Why should anyone care about Evals? — Manu Goyal, Braintrust

The Journey to Evals 00:38

  • The speaker, Manu, from Brain Trust, shares his personal "eval journey" which began with a childhood disappointment in rule-based technology.
  • He dedicated his career to software engineering in the AI industry, including working on self-driving cars.
  • In self-driving cars, simply tuning models or adjusting loss functions was not enough to ship to production; there was a need to understand if the model actually worked in real-world scenarios, such as avoiding pedestrians or obeying traffic laws.
  • This experience highlighted the necessity of evals to contextualize and validate AI models for real-world applications.

Why Evals are Essential 02:26

  • Evals are not just unit tests for AI or solely for finding regressions.
  • Relying on shipping to production for signal on changes is expensive, slow, and risky.
  • Investing in good evals creates a "laboratory" for running experiments, allowing 90% of the product iteration loop to occur before production.
  • This process enables much quicker and more confident shipping of AI products.
  • Applying the same offline metrics to online production data provides data-driven insights into which real-world examples are most useful for the next iteration loop.

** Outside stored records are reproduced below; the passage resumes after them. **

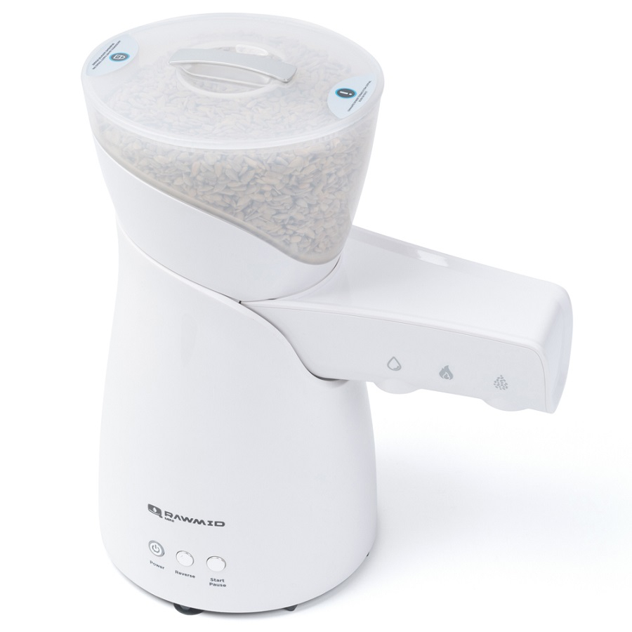 Компактный маслопресс "RAWMID Mini RMO-02" удобен тем, что работает автоматически. Его не нужно настраивать, подбирать программу в зависимости от типа сырья и т.д. Для получения свежего натурального масла необходимо подготовить исходное сырье, т.е. очистить орехи от скорлупы, промыть и просушить их. Рекомендуется предварительно слегка измельчить особо крупные орехи, но не доводить их до состояния муки. Также можно немного обжарить их — это увеличит эффективность отжима. Затем подготовьте маслопресс к работе, установив его на ровную поверхность и поместив под него контейнеры для жмыха и для готового масла. На емкость для масла установите сетчатый фильтр. Засыпьте сырье в бункер маслопресса и закройте его крышкой (объем бункера составляет 700 мл).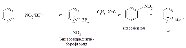 Нитрование. Нитрование по атому азота осуществляется легко при действии оксида азота(V) или нитрониевых солей, например борофторида нитрония NO2+BF4-. Образующийся при этом N-нитропроизводное применяется в качестве мягкого нитрующего реагента некислотного характера, как показано на примере нитрования бензола: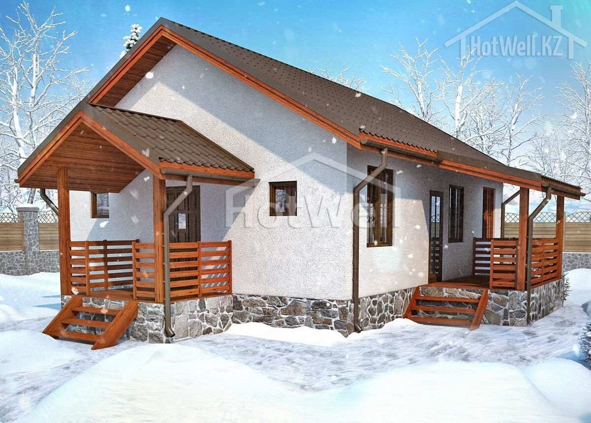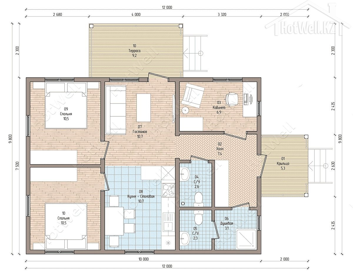 Одноэтажный дом 12 на 10 метров, общей площадью 90 м2, из СИП панелей, с сауной, террасой и спальней на первом этаже.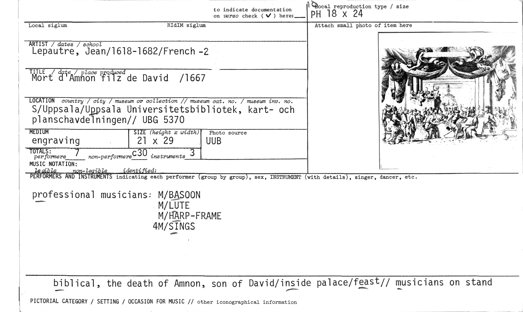 //// to indicate documentation //// on versa check (%1 ) here:_ //// Local siglum RIdIM siglum //// ARTIST / dates / school //// Lepautre, Jean/1618-1682/French -2 //// TITLE /date / place vrioduced //// Mort d'Amnon flz de David /1667 //// LOCATION country / city / museum or collection // museum cat. no. / museum inv. no. //// S/Uppsala/Upsala Universitetsbibliotek, kart- och planschavdelningen// UBG 5370 //// MEDIUM //// engraving //// group), sex, INSTRUMENT (with details), singer, dancer, etc. //// professional musicians: M/BASOON //// M/LUTE //// M/HÄRP-FRAME 4M/SINGS //// biblical, the death of Amnon, son of David/inside palace/feast// musicians on stand //// PICTORIAL CATEGORY / SETTING / OCCASION FOR MUSIC // other iconographical information //// TOM: //// per formers 7 non-perfbrmers c30 instruments 3 //// MUSIC NOTATION: //// 4vcible non-leaible identilUd: //// PERFORMERS AND INSTRUMENTS indicating each performer (group by //// SIZE (height x width) //// 21 x 29 //// Photo source //// UUB //// 14ocal reproduction type / size //// PH 18 x 24 //// Attach small photo of item here ////
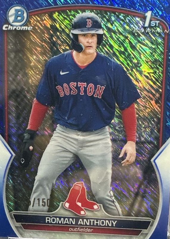 Best Prices Available For Sale of Roman Anthony 2023 Bowman #BCP-71 Chrome Prospects - Blue Shimmer Refractor /150 (1st)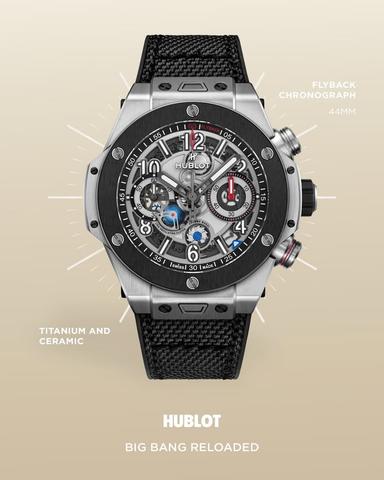 A 44mm composite case infused with Novak Djokovic’s racquets and polos houses the MHUB6035 automatic tourbillon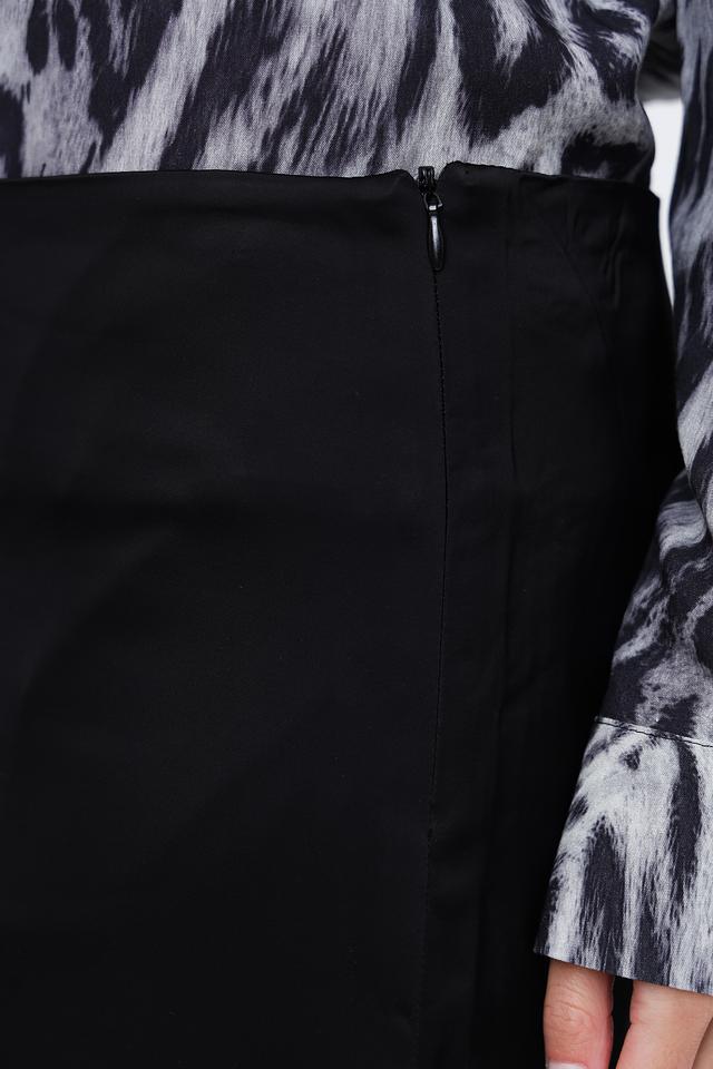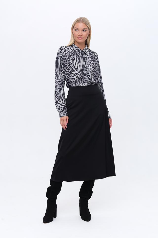 Юбка имеет миди-длину и прямой крой, который подчеркивает фигуру, не сковывая движений. Ткань – мягкая и приятная к телу вискоза с небольшим добавлением эластана, обеспечивающим комфорт при носке и хорошую посадку.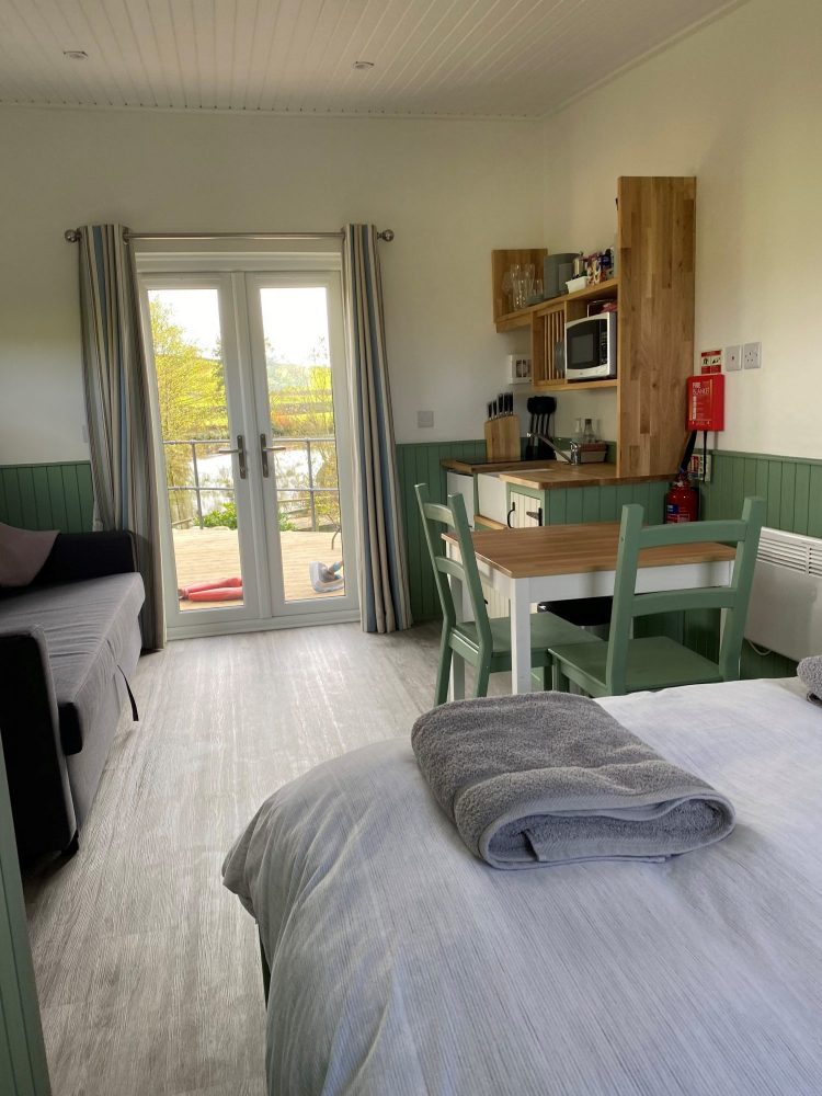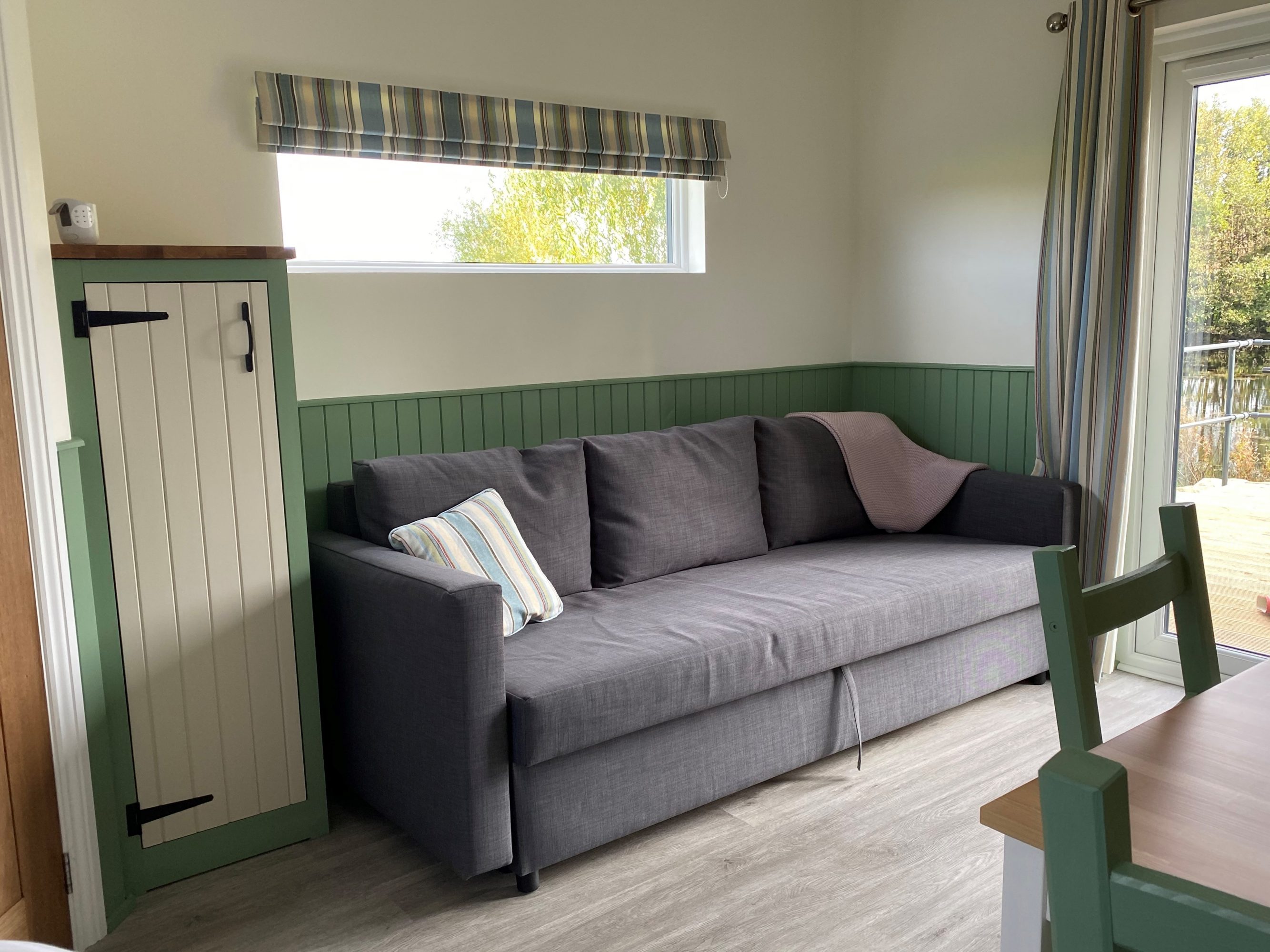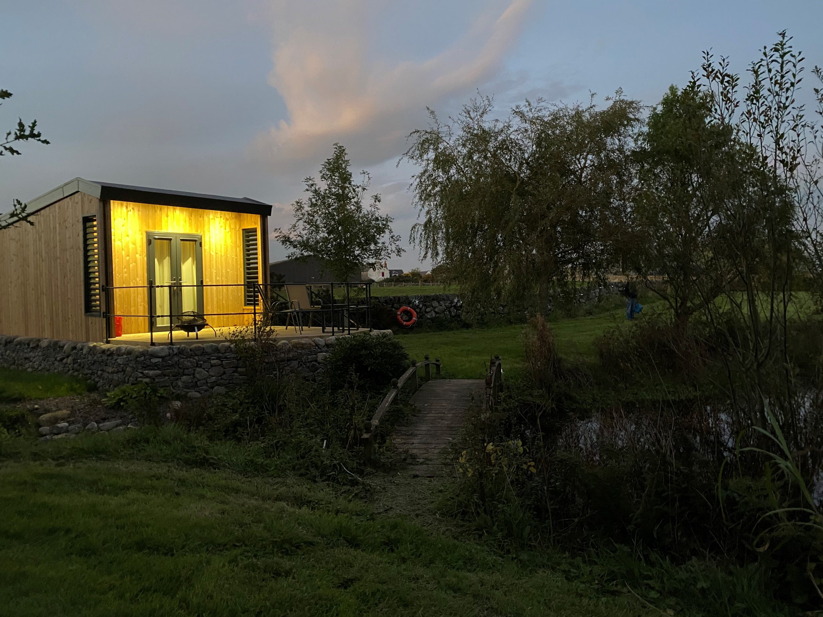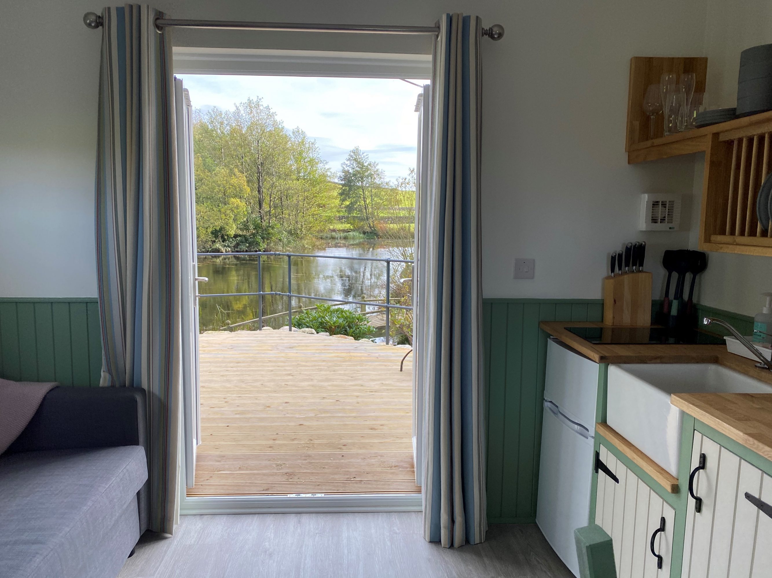 The Lily Pod is a self-contained holiday pod situated at our pond here at Lochhill Farm, New Abbey. The Pod sleeps up to 4 people but is more suited to two. It has an open plan bedroom, living, dining and mini kitchen area and an enclosed shower room.

Industry Endorsement and Brain Trust's Role 03:38

  • Tech luminaries, including Kevin While, Gary Tan, Mike Kger, and Greg Brockman, universally extol the virtues and necessities of evals.
  • Brain Trust aims to build a development platform that supports evals, prompt tweaking, experimentation, and data logging for observability.
  • The platform connects these elements to create a "data flywheel" that helps users achieve their AI goals.

The Core Message 04:54

  • The key to industry transformation and success in AI is evals.